The concat function of the pandas library is used to append data frames. This function can append multiple data frames in either row or column direction.

Let’s append df1 and df2 to the result.

>>> result = pd.concat([df1, df2])
>>> result
Class1 Class2
0 95 91.0
1 92 93.0
2 98 97.0
3 100 99.0
4 87 85.0
5 89 90.0
6 96 NaN
7 83 NaN

pd.concat([df1, df2]) appends df1 and df2 in the row direction. That is, the two data frames are connected vertically.

Next, let’s integrate d3, which only has the Class1 column, into the result.

>>> df3 = pd.DataFrame({
    'Class1' : [96, 83]
})

>>> pd.concat([result, df3], ignore_index=True)
Class1 Class2
0 95 91.0
1 92 93.0
2 98 97.0
3 100 99.0
4 87 85.0
5 89 90.0
6 96 NaN
7 83 NaN

Since the d3 data does not have the ‘Class2’ column, it outputs blank values.

2. join #

The join method of the pandas library is used to combine two data frames based on a specific column. It generally performs a role similar to SQL’s JOIN operation. Unlike concatjoin integrates horizontally.

>>> df4 = pd.DataFrame({
    'Class3' : [93, 91, 95, 98]
})

>>> df1.join(df4)
Class1 Class2 Class3
a 95 91 93
b 92 93 91
c 98 97 95
d 100 99 98

It is also possible to output by arbitrarily setting the index as follows.

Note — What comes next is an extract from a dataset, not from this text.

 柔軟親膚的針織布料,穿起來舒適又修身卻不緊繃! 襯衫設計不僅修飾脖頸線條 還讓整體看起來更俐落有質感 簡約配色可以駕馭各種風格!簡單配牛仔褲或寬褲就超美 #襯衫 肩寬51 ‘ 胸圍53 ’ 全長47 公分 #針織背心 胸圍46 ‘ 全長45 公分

>>> index_label = ['a','b','c','d']
>>> df1a = pd.DataFrame({'Class1': [95, 92, 98, 100],
                    'Class2': [91, 93, 97, 99]}, index= index_label)
>>> df4a = pd.DataFrame({'Class3': [93, 91, 95, 98]}, index=index_label)

>>> df1a.join(df4a)
Class1 Class2 Class3
a 95 91 93
b 92 93 91
c 98 97 95
d 100 99 98

3. merge #

The merge function of the pandas library is used to merge (integrate) two data frames based on a specific column. Using the merge function, you can combine data frames based on common columns between them.

>>> df_A_B = pd.DataFrame({'Sales Month': ['January', 'February', 'March', 'April'],
                       'Product A': [100, 150, 200, 130],
                       'Product B': [90, 110, 140, 170]})

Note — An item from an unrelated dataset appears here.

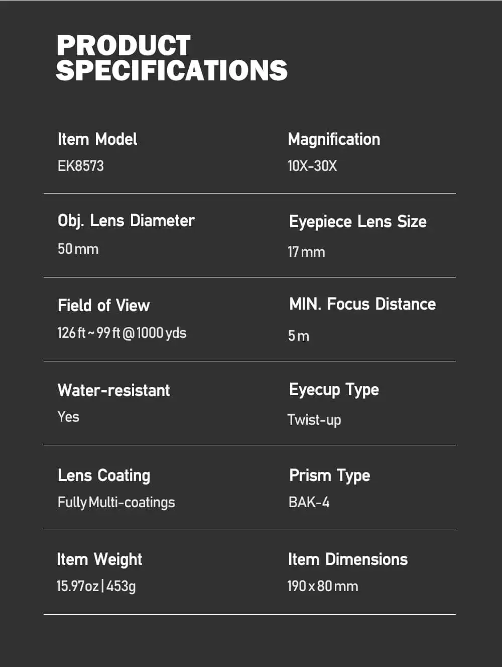 Большое текстурированное фокусирующее колесо и увеличивающий воротник позволяют точно регулировать холодную погоду и во время ношения перчаток. Стандартное крепление штатива 1/4 "-20 Совместимо с большинством штативов и головок для фото/видео/поля, быстроразъемными пластинами и другими поддерживающими системами, такими как Моноподы и оконные крепления. Изогнутые резиновые наглазники для удобного просмотра с очками или солнцезащитными очками. Исключительное 16 мм облегчение глаз при 10х максимизирует комфорт при просмотре с уменьшенным напряжением глаз; Удобное 16,5 мм на 24x. Широкий выходной зрачок 5 мм на 10x оптимизирован для использования на низком светильник для максимального покрытия расширенных зрачков; 1,7 мм на 30x. Детали конструкции Заполнение Азотом и уплотнительное кольцо герметичные, чтобы быть водонепроницаемыми и устойчивыми к внутренней запотеванию при перемещении через экстремальные температурные изменения и условия окружающей среды. Легкий и термостойкий корпус из поликарбоната. Антивибрационное резиновое покрытие защищает корпус, обеспечивая противоскользящее сцепление. Вес: 15,97 унций.В детстве я обожал смотреть мультик по этой вселенной. Каждая битва прям наполняла адреналином и постоянно хотелось почувствовать себя на... Читать отзыв полностью...

>>> df_C_D = pd.DataFrame({'Sales Month': ['January', 'February', 'March', 'April'],
                       'Product C': [112, 141, 203, 134],
                       'Product D': [90, 110, 140, 170]})

df_A_B

Sales Month Product A Product B
0 January 100 90
1 February 150 110
2 March 200 140
3 April 130 170

df_C_D

Sales Month Product C Product D
0 January 112 90
1 February 141 110
2 March 203 140
3 April 134 170

Use merge to merge the two data frames based on the ‘Sales Month’ column. As a result, the two data frames are combined based on the ‘Sales Month’ column, and the data is organized around the common columns.

>>> df_A_B.merge(df_C_D)
Sales Month Product A Product B Product C Product D
0 January 100 90 112 90
1 February 150 110 141 110
2 March 200 140 203 140
3 April 130 170 134 170

Let’s implement four different ways to combine two data frames using the merge method.

>>> df_left = pd.DataFrame({'key':['A','B','C'], 'left': [1, 2, 3]})
>>> df_right = pd.DataFrame({'key':['A','B','D'], 'right': [4, 5, 6]})

1.

>>> df_left.merge(df_right, how='left', on = 'key')
key left right
0 A 1 4.0
1 B 2 5.0
2 C 3 NaN

Left join df_left and df_right based on the ‘key’ column. A left join keeps all rows from the left data frame (df_left) and adds rows from the right data frame (df_right) that have a matching key value. If a matching key value is not present in the right data frame, it is filled with NaN.

2.

>>> df_left.merge(df_right, how='right', on = 'key')
key left right
0 A 1.0 4
1 B 2.0 5
2 D NaN 6

Right join df_left and df_right based on the ‘key’ column. A right join keeps all rows from the right data frame (df_right) and adds rows from the left data frame (df_left) that have a matching key value. If a matching key value is not present in the left data frame, it is filled with NaN.

3.

>>> df_left.merge(df_right, how='outer', on = 'key')
key left right
0 A 1.0 4.0
1 B 2.0 5.0
2 D 3.0 NaN
3 D NaN 6.0

Outer join df_left and df_right based on the ‘key’ column. An outer join includes all rows from both data frames, filling with NaN where a match is only present in one of the data frames.

4.

>>> df_left.merge(df_right, how='inner', on = 'key')
key left right
0 A 1 4
1 B 2 5

Inner join df_left and df_right based on the ‘key’ column. An inner join includes only rows that are common to both data frames. That is, it combines rows from both data frames that have the same ‘key’ value.